- Pitcher
- Born: June 20, 1953 (age 72) Telica, León, Nicaragua
- Batted: RightThrew: Right

MLB debut
- May 31, 1977, for the Baltimore Orioles

Last MLB appearance
- June 8, 1977, for the Baltimore Orioles

MLB statistics
- Win–loss record: 0–0
- Earned run average: 12.38
- Innings pitched: 8

Teams
- Baltimore Orioles (1977);

Medals
Men's baseball
Representing Nicaragua
Baseball World Cup
| Silver medal – second place | 1973 Central America | Team |
| Bronze medal – third place | 1972 Managua | Team |

= Tony Chévez =

Nicaraguan baseball player (born 1953)

Silvio Antonio Aguilera Chévez (born June 20, 1953) is a Nicaraguan former professional baseball pitcher. He played in Major League Baseball for the Baltimore Orioles during the 1977 season. Listed at 5' 11" (1.80 m), 177 lb. (80 k), Chévez batted and threw right-handed.

Chévez became the second Nicaraguan player in the big leagues, as he was signed together with El Presidente Dennis Martínez by Baltimore in 1973. Yet after a promising career in his country and the Orioles Minor League system, Chévez hurt his shoulder in his fourth Major League appearance and was never the same.

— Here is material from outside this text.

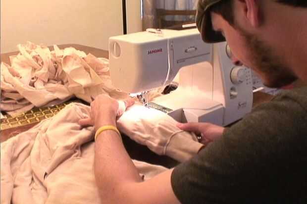 Poner las mangas abajo plana, cortar algunas piezas de material hacia fuera las mangas y coser en.

Chévez first represented Nicaragua in an international competition at the Torneo de la Amistad (Friendship Tournament), held in Managua in 1971, and was also on the national team at the 1971 Pan American Games in Cali, Colombia. After that, he pitched in the 1972 Amateur World Series held in Managua, where the Nicaraguan team won the bronze medal with a 13–2 record. At the 1973 Amateur World Series, held in Managua by FEMBA, he took a no-hitter against Guatemala into the ninth inning, as Nicaragua earned a second place finish behind the United States.

Besides, Chévez posted a 54–44 record with a 3.15 ERA in 181 minor league games from 1974 through 1979, striking out 432 batters while walking 245 in 838 innings of work.

In between, Chévez played winter ball with the Indios de Mayagüez of Puerto Rico and for the Tiburones de La Guaira in Venezuela.

Chévez is a long time resident of Rochester, New York, but he and his family have never forgotten their homeland. In 2003, Chévez and his wife Halyma returned to Telica with a small group of friends from their church, in order to build homes for the neediest people. Since then, they have returned periodically with growing support, including donations of medicine and clothing, along with Bible school and supporting baseball instruction for youths aged 13–15.